Endogenous antioxidant enzymes, including CAT, POD and SOD protect the oxidation induced cartilage destruction in inflammatory conditions such as rheumatoid arthritis. Inconsistency of the oxidative system in arthritis promotes and intensifies cellular response and increase the destruction of cartilage and bone [33]. When ROS establishes a stress condition, endogenous antioxidants provide protection against the invading free radicals to cope the stressed situation. Administration of an exogenous antioxidant source like I. batatas not only scavenges abundant free radicals by oxidizing them but also restore the amount of natural antioxidants. In this study, the enormous production of free radicals with the help of CFA generated an oxidative stress that extensively damaged the liver. This reduced the expression of antioxidative enzymes in arthritic control. On the other hand, polyphenol rich I. batatas extracts provided a fine line of defense to the rat liver against ROS. The current study is in agreement to the findings of Khan et al. [67] and Kazmi et al. [68]. Moreover, I. batatas extracts provided significant inhibition of free radicals in vitro, which fortifies their capabilities to provide a better line of defense in in vivo. I. batatas extracts are rich in antioxidant compounds that are the major factors of its ability to scavenge the blend of free radicals continuously produced in disease condition like arthritis and provide a real time protection.

All the phytochemical, in vitro and in vivo results clearly depict the therapeutic worth of I. batatas extracts against inflammatory disorder like arthritis.

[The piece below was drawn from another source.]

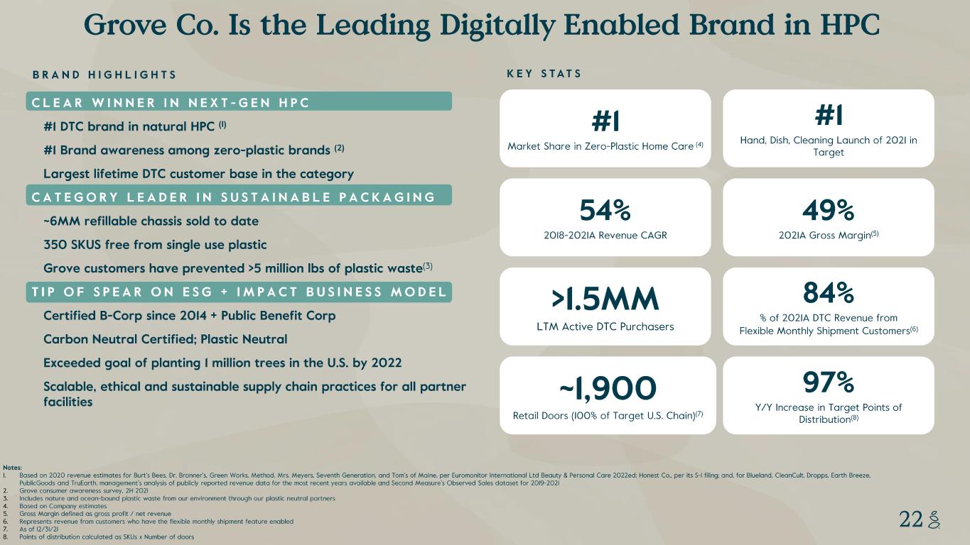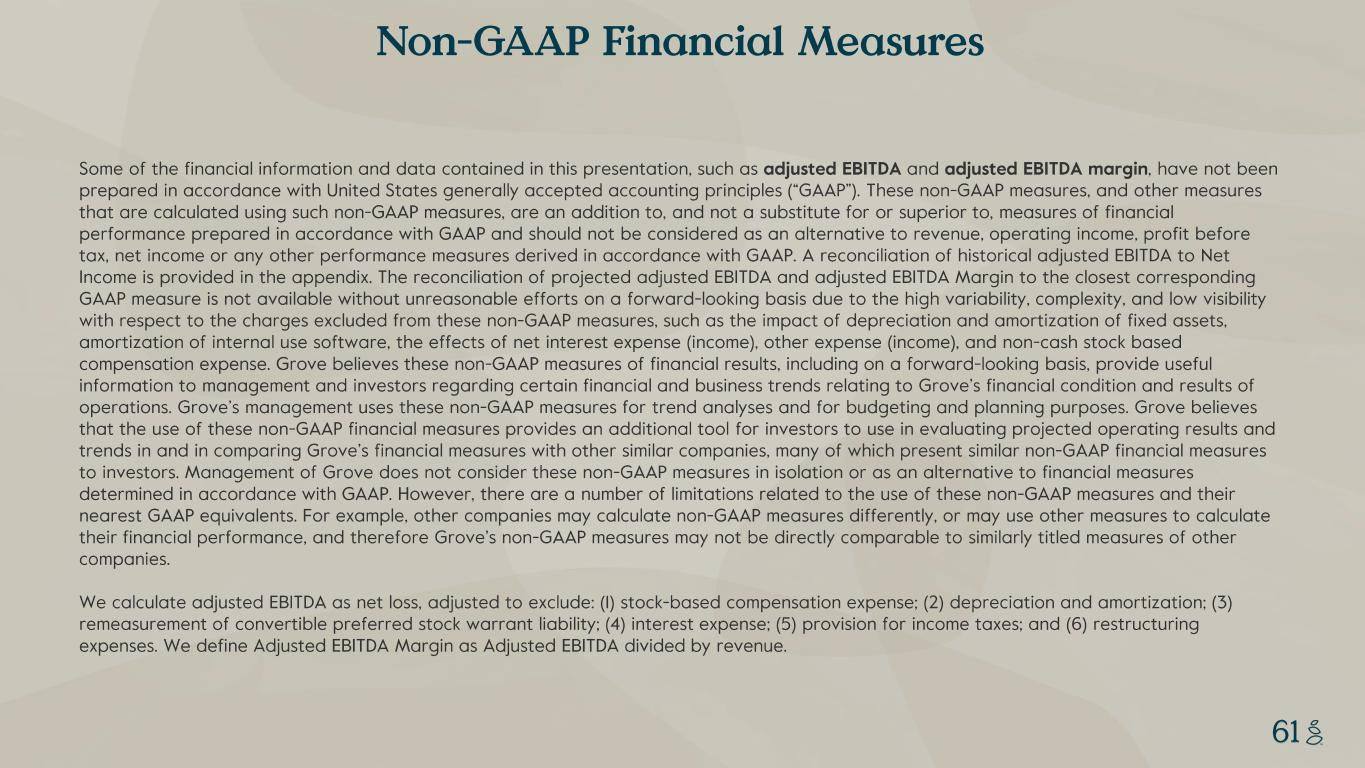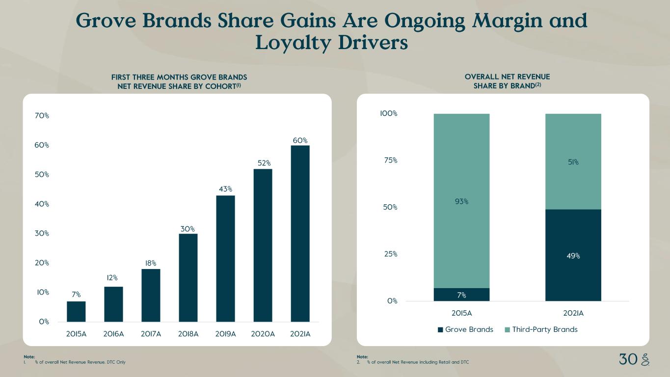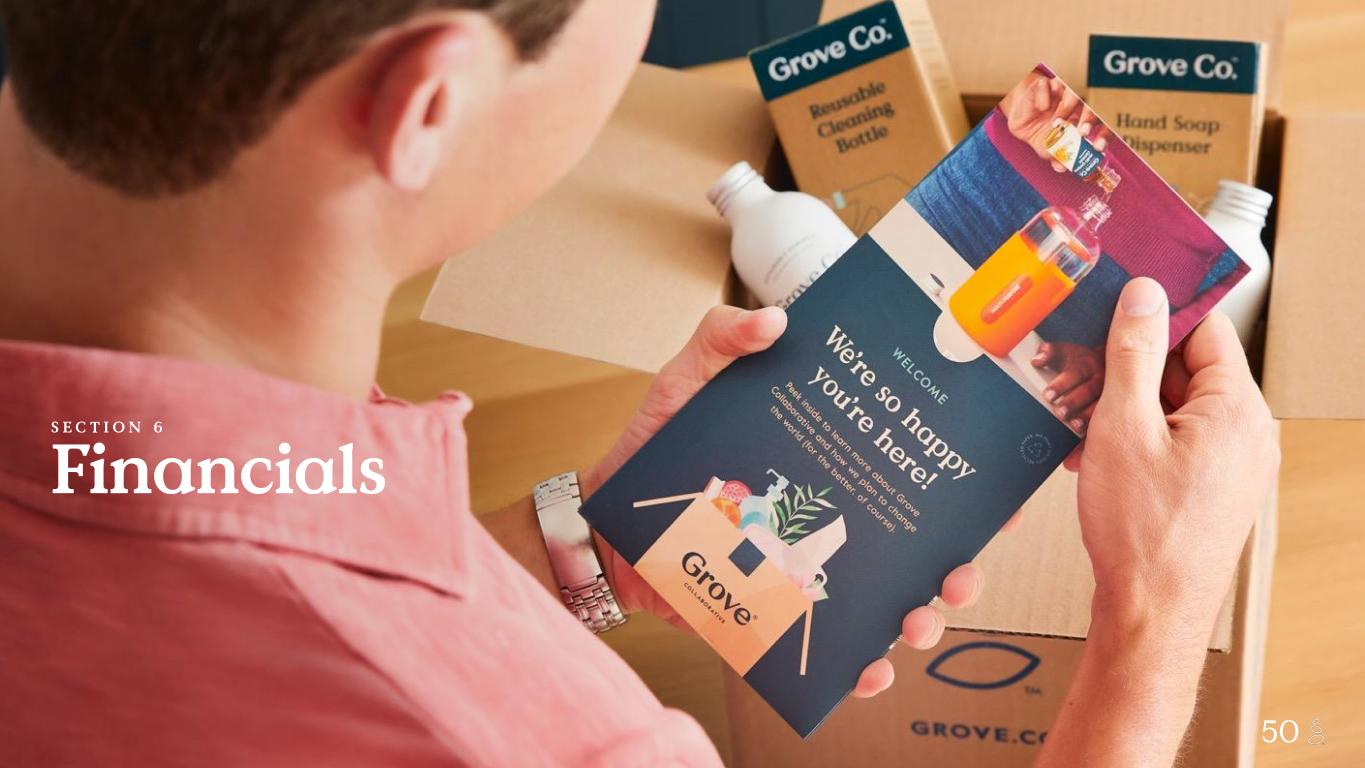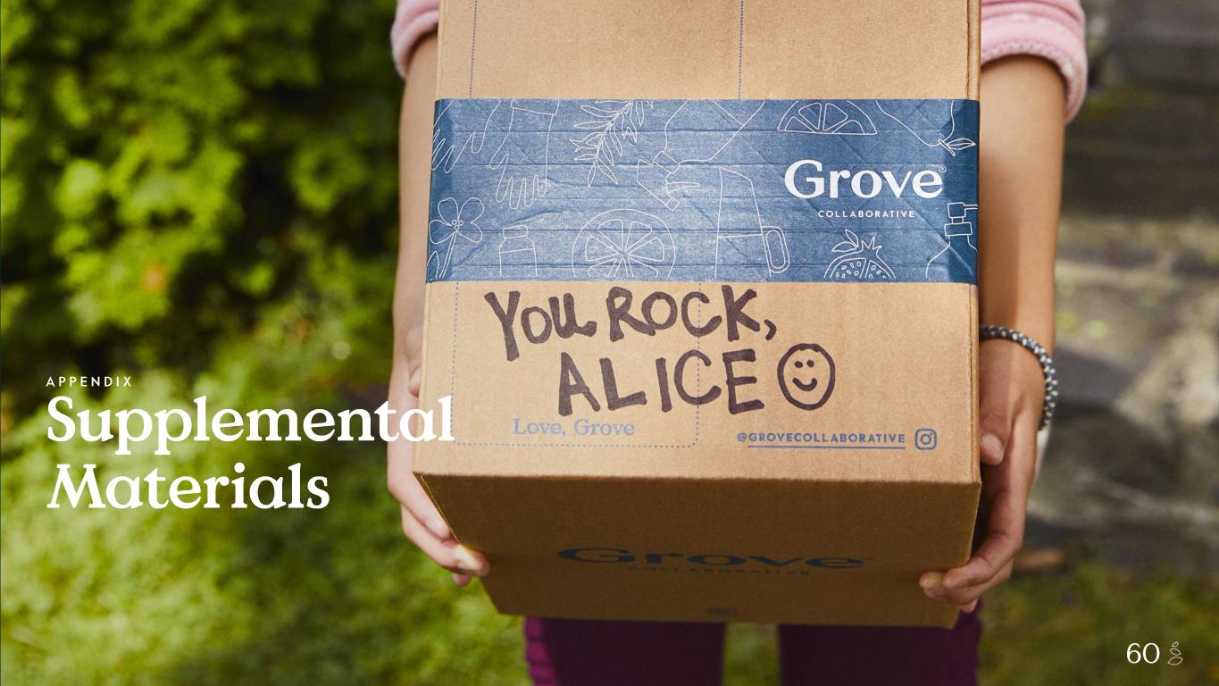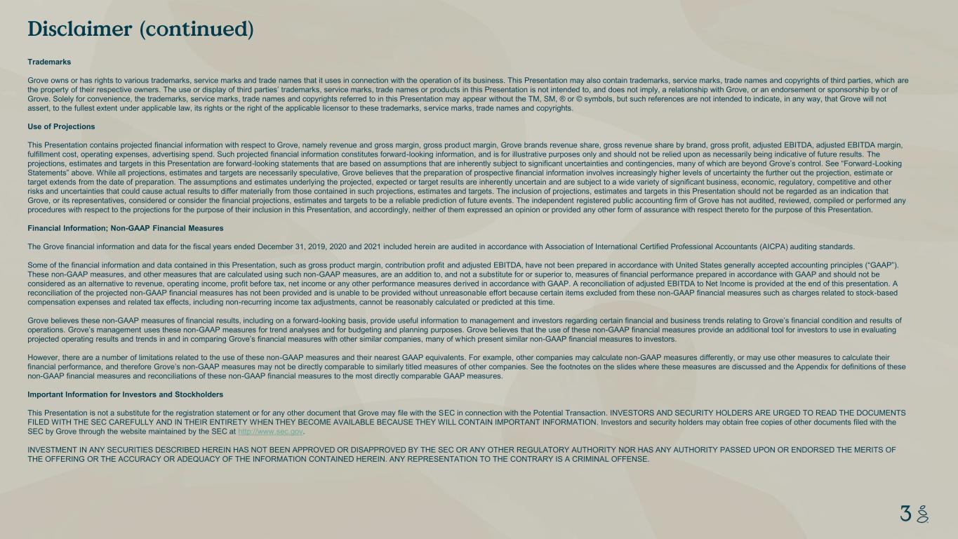 NOTES START FROM HERE AND GROW UP CONTENT BELOW THIS LINE CONTENT BELOW THIS LINE SUBTITLE BELOW THIS LINE TITLE CAN NOT GO ABOVE THIS LINE Trademarks Grove owns or has rights to various trademarks, service marks and trade names that it uses in connection with the operation of its business. This Presentation may also contain trademarks, service marks, trade names and copyrights of third parties, which are the property of their respective owners. The use or display of third parties’ trademarks, service marks, trade names or products in this Presentation is not intended to, and does not imply, a relationship with Grove, or an endorsement or sponsorship by or of Grove. Solely for convenience, the trademarks, service marks, trade names and copyrights referred to in this Presentation may appear without the TM, SM, ® or © symbols, but such references are not intended to indicate, in any way, that Grove will not assert, to the fullest extent under applicable law, its rights or the right of the applicable licensor to these trademarks, service marks, trade names and copyrights. Use of Projections This Presentation contains projected financial information with respect to Grove, namely revenue and gross margin, gross product margin, Grove brands revenue share, gross revenue share by brand, gross profit, adjusted EBITDA, adjusted EBITDA margin, fulfillment cost, operating expenses, advertising spend. Such projected financial information constitutes forward-looking information, and is for illustrative purposes only and should not be relied upon as necessarily being indicative of future results. The projections, estimates and targets in this Presentation are forward-looking statements that are based on assumptions that are inherently subject to significant uncertainties and contingencies, many of which are beyond Grove’s control. See “Forward-Looking Statements” above. While all projections, estimates and targets are necessarily speculative, Grove believes that the preparat ion of prospective financial information involves increasingly higher levels of uncertainty the further out the projection, estimate or target extends from the date of preparation. The assumptions and estimates underlying the projected, expected or target results are inherently uncertain and are subject to a wide variety of significant business, economic, regulatory, competitive and other risks and uncertainties that could cause actual results to differ materially from those contained in such projections, estimates and targets. The inclusion of projections, estimates and targets in this Presentation should not be regarded as an indication that Grove, or its representatives, considered or consider the financial projections, estimates and targets to be a reliable prediction of future events. The independent registered public accounting firm of Grove has not audited, reviewed, compiled or performed any procedures with respect to the projections for the purpose of their inclusion in this Presentation, and accordingly, neither of them expressed an opinion or provided any other form of assurance with respect thereto for the purpose of this Presentation. Financial Information; Non-GAAP Financial Measures The Grove financial information and data for the fiscal years ended December 31, 2019, 2020 and 2021 included herein are audited in accordance with Association of International Certified Professional Accountants (AICPA) auditing standards. Some of the financial information and data contained in this Presentation, such as gross product margin, contribution profit and adjusted EBITDA, have not been prepared in accordance with United States generally accepted accounting principles (“GAAP”). These non-GAAP measures, and other measures that are calculated using such non-GAAP measures, are an addition to, and not a substitute for or superior to, measures of financial performance prepared in accordance with GAAP and should not be considered as an alternative to revenue, operating income, profit before tax, net income or any other performance measures derived in accordance with GAAP. A reconciliation of adjusted EBITDA to Net Income is provided at the end of this presentation. A reconciliation of the projected non-GAAP financial measures has not been provided and is unable to be provided without unreasonable effort because certain items excluded from these non-GAAP financial measures such as charges related to stock-based compensation expenses and related tax effects, including non-recurring income tax adjustments, cannot be reasonably calculated or predicted at this time. Grove believes these non-GAAP measures of financial results, including on a forward-looking basis, provide useful information to management and investors regarding certain financial and business trends relating to Grove’s financial condition and results of operations. Grove’s management uses these non-GAAP measures for trend analyses and for budgeting and planning purposes. Grove believes that the use of these non-GAAP financial measures provide an additional tool for investors to use in evaluating projected operating results and trends in and in comparing Grove’s financial measures with other similar companies, many of which present similar non-GAAP financial measures to investors. However, there are a number of limitations related to the use of these non-GAAP measures and their nearest GAAP equivalents. For example, other companies may calculate non-GAAP measures differently, or may use other measures to calculate their financial performance, and therefore Grove’s non-GAAP measures may not be directly comparable to similarly titled measures of other companies. See the footnotes on the slides where these measures are discussed and the Appendix for definitions of these non-GAAP financial measures and reconciliations of these non-GAAP financial measures to the most directly comparable GAAP measures. Important Information for Investors and Stockholders This

It strongly lessened the inflammation, increased thresholds of pain, enhanced the levels of endogenous enzymes, maintained normal blood profile and upheld the levels of liver and kidney enzymes.

Conclusion

Multi-mode phytochemical and pharmacological evaluation of I. batatas L. Lam. justifies its medicinal worth as a potential agent for curing acute and chronic inflammatory arthritis. High quantity of potent polyphenols along with massive quantity of dietary components makes this food plant a safe and effective candidate in therapeutic rivalry of finding newer potential agents. The histological restoration, body weight and organ weight index stabilization, hematological and biochemical repair as well as endogenous enzymes revitalization clearly defend the benefit of I. batatas in arthritis condition. High percentage of inflammation inhibition by the roots of I. batatas clearly suggests detailed evaluation of the plant at molecular level. The plant already in use as an antiinflammatory agent in folk medicine is for the first time investigated and presented as an effective antiarthritic agent with good recovery from acute and chronic stages of the disease.